お母様が随分と前にお亡くなりになり、相続手続きをしていない預金があるうちに、お父様が病床に伏してしまいどうすればよいか、内容でした。
相続人は、お父様とお客様のお2人です。
また、お父様には前妻との間に子供がおり、お客様と前妻の子とは面識は一切ありませんでした。
お母様の相続人はお父様とお客様の2名なので、2名の間で遺産分割協議を行うことができれば万事解決でした。

そこまでアドバイスしていたものの、お父様の病院が遠距離だったこともあってこの話ができないままにお父様が息を引き取られました。
その結果、お母様の相続人はお客様とお父様の相続人としての前妻の子の2名となってしまいました。
一度も連絡を取ったことの無い相手と遺産分割をしなくてはならなくなり、無用な気遣いと手間が発生することとなり、お父様の遺産はともかくとして、直接相続とは関係ないお母様の遺産についてまで主張される可能性がある状態となってしまいました。
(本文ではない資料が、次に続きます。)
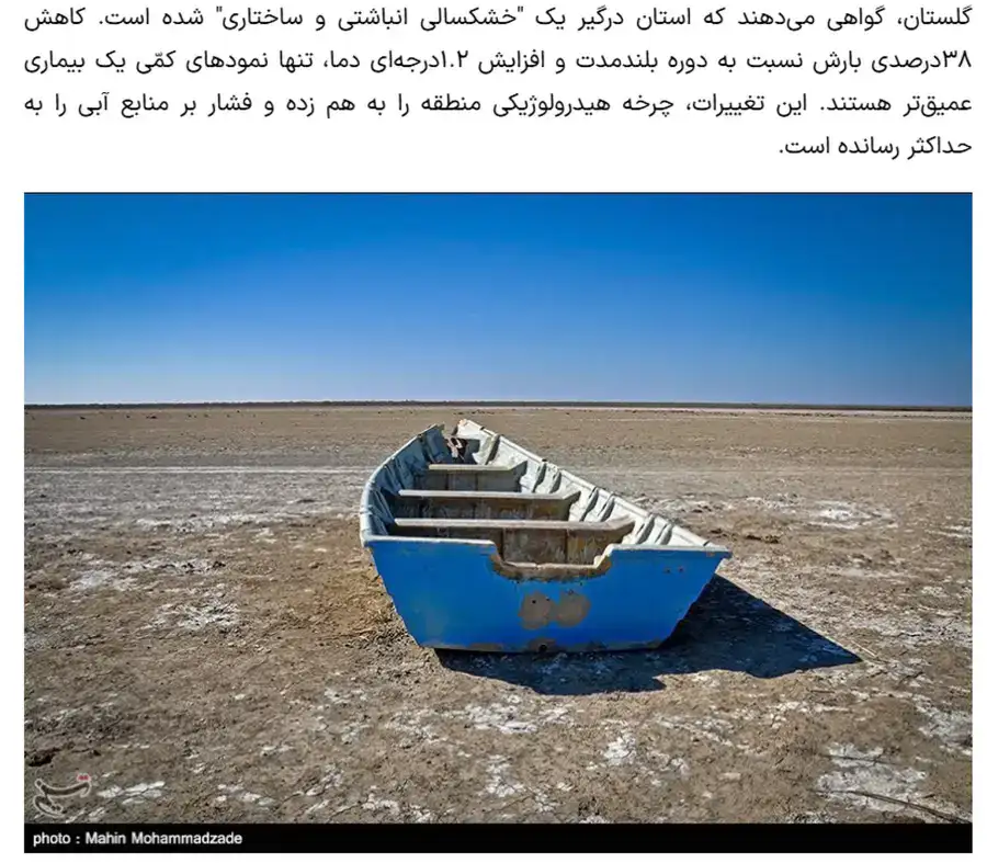 Климатолог Нассер Карами также подчеркивает, что водный кризис в Иране — это не только результат засухи, но и следствие неэффективного управления ресурсами и аграрной политики. Он указывает на чрезмерное водопотребление сельского хозяйства, которое использует более 90% пресной воды, но вносит лишь 9-12% в ВВП.

お父様の死という時間の制限は誰にもわからないことでしたから、どうしようもなかったのですが、今でももう少し早くご相談を受けていればと少し悔やみました。


ちなみに、一度も会ったことの無い相続人に対して遺産分割をしたい場合は、できる限りまずは相続人同士で連絡を取ることをお勧めします。
専門家から連絡をすると、相手を警戒させすぎるきらいがあります。当事者同士で話せば解決できることもかなりたくさんあります。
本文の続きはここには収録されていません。